William P. Barr, Attorney General, et al. v. American Association of Political Consultants, No. 19-631. Petition for Certiorari granted January 8, 2020.
The near-universal adoption of cell phone telephony thirty years ago ushered in a new era of liberation from landline tethers, but not of freedom from unsolicited, unwanted, and not infrequently noisome automated calls and messages. Called (among other things) robo-calls, the perceived nuisance of such practices by telemarketers and others prompted Congress to enact the 1991 Telephone Consumer Protection Act, Pub. L. No. 102-243, 105 Stat. 2394.
The TCPA prohibits calling cell phones without consent absent an emergency. This gesture of federal consideration of individual interests has spawned a cavalcade of lawsuits challenging its meaning, including the instant case, in which certiorari was granted to determine whether an exception to the act which permits calls to collect a federal or federally guaranteed debt violates the First Amendment Free Speech Clause.

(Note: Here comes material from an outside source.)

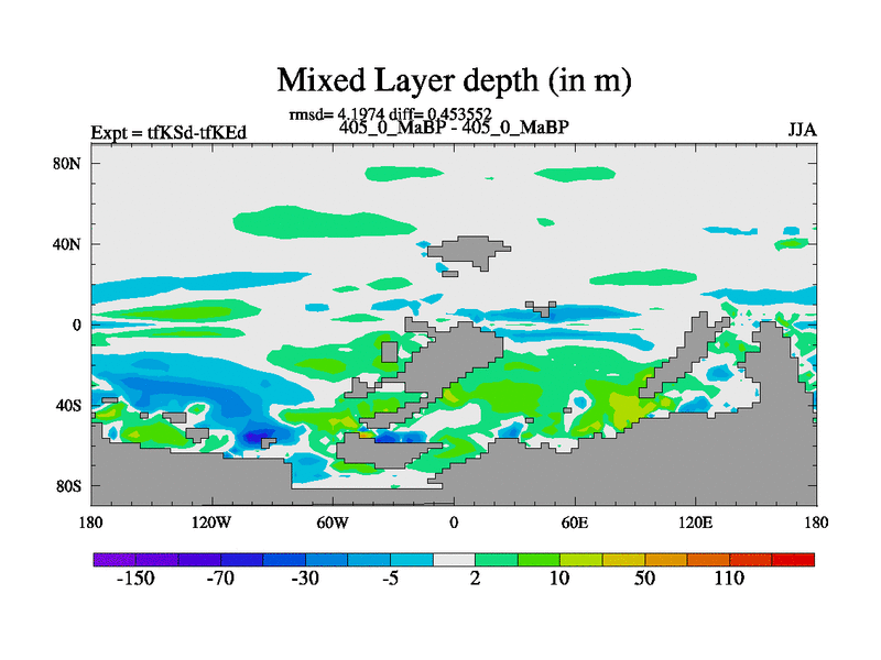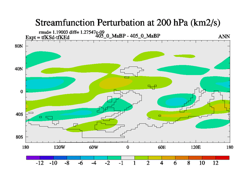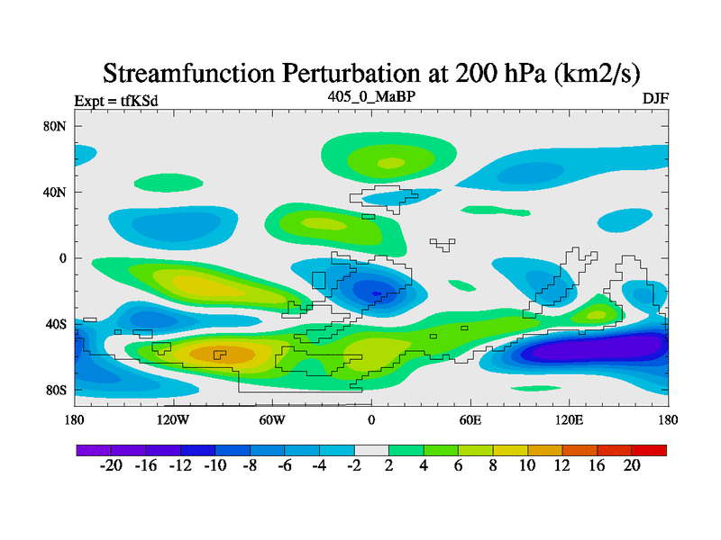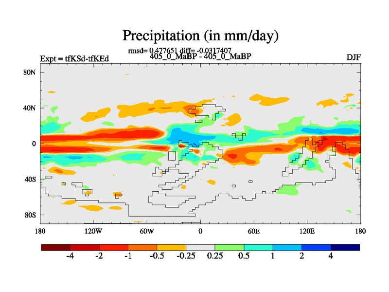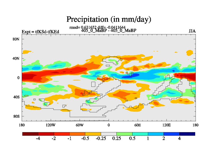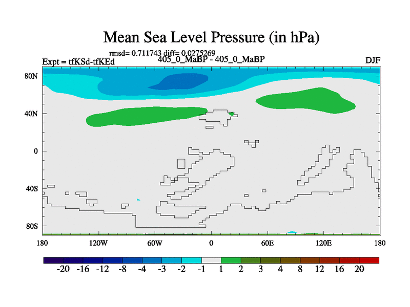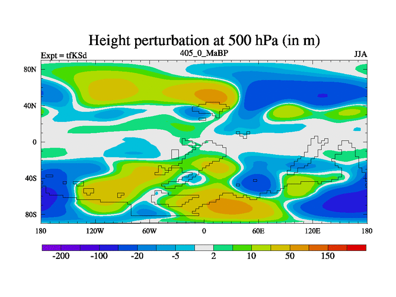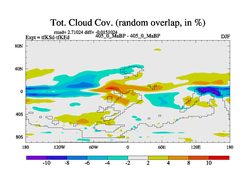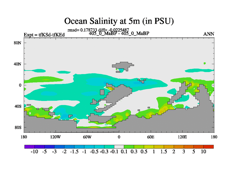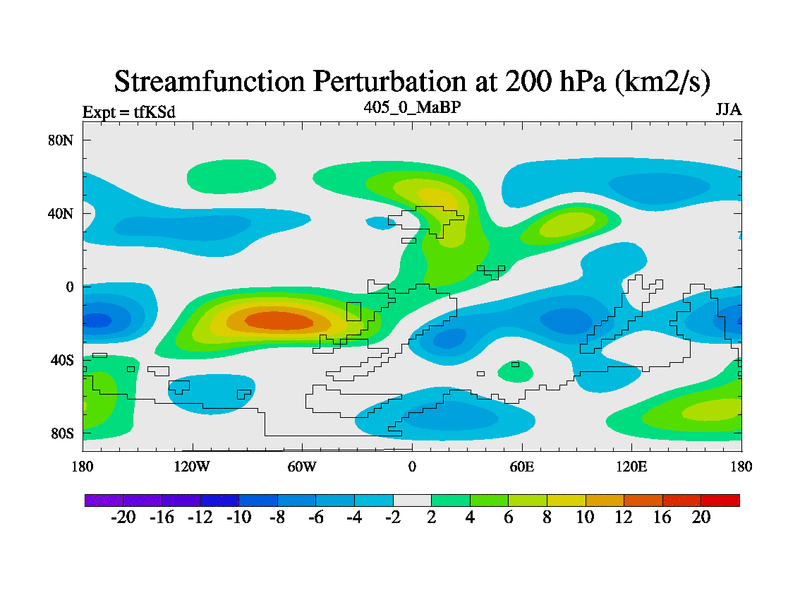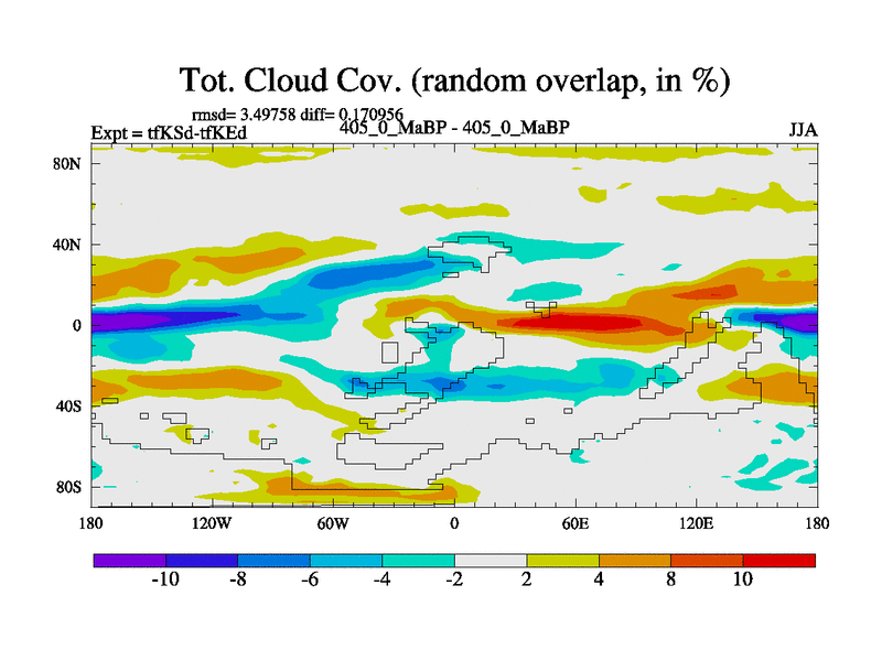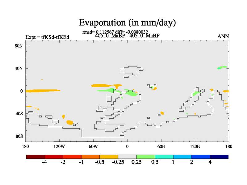 This is the 405.0 Ma simulation using the Scotese palaeogeographies and revised CCN etc. This version has islands and smoothing and desert albedo included. Tuned CO2 to give Scotese temperatures. Started from end of tfKEd.

The Fourth Circuit, in an opinion issued in April, 2019 perceived that the TCPA and its government debt exception created constitutionally unacceptable content based restrictions but did not conclude that the entire statute was invalid, determining only that the federal debt exception ought to be severed and the rest of the statute left intact.

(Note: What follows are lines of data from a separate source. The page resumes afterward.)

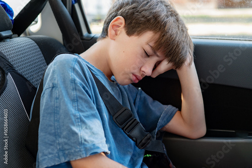 A disgruntled, half-asleep teenager leans against the window in the back seat of a car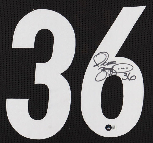 Custom frame measures approximately 35" x 43" in size and features a jersey that has been hand-signed by Jerome Bettis.The lot / autograph(s) includes an official Beckett Authentication Services serially-numbered hologram and QR Code card for authenticity purposes. The signing of this item was witnessed by Beckett.Authentication: Beckett QR Code card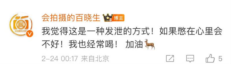 隨後又發帖表示:「我覺得這是一種發泄方式!如果憋在心裏會不好,真挺羨慕的!有這麽一幫哥們兒陪著」,甚至直接艾特了鄧超,暗示鹿晗分手鄧超在陪他喝酒。

The federal government asserts that there is no First Amendment violation, as strict scrutiny analysis does not apply where the economic purpose of a federal debt call is grounded in the relationship between the federal government and a debtor and where the privacy protections foundational to the TCPA remain intact. Government speech not constrained by the First Amendment, should not be hamstrung by imposing the highest level of constitutional scrutiny where in essence commercial speech, subject only to limited review, is in issue.
The federal government argues that severability is wholly appropriate as the entire statute need not be done away with in order to address an exception to its general applicability.
The American Association of Political Consultants’ views are diametrically opposed on both grounds. The group asserts that it defies reason to classify debt collection calls as “purpose” based where the content of such calls is grounded in satisfying a debt. Where calls linked to federal debts are permitted and those linked to private debts are not, this, the association advocates, makes a distinction based on the content of calls.
It cannot be that severability is apt where the Fourth Circuit found the statute to be unconstitutional, the political consultants submit. Severing an exception to an unconstitutional statute works no remedy, they argue.
A scheduling order has not yet been published. There are two other petitions for certiorari pending in on related issues for which no action has been taken.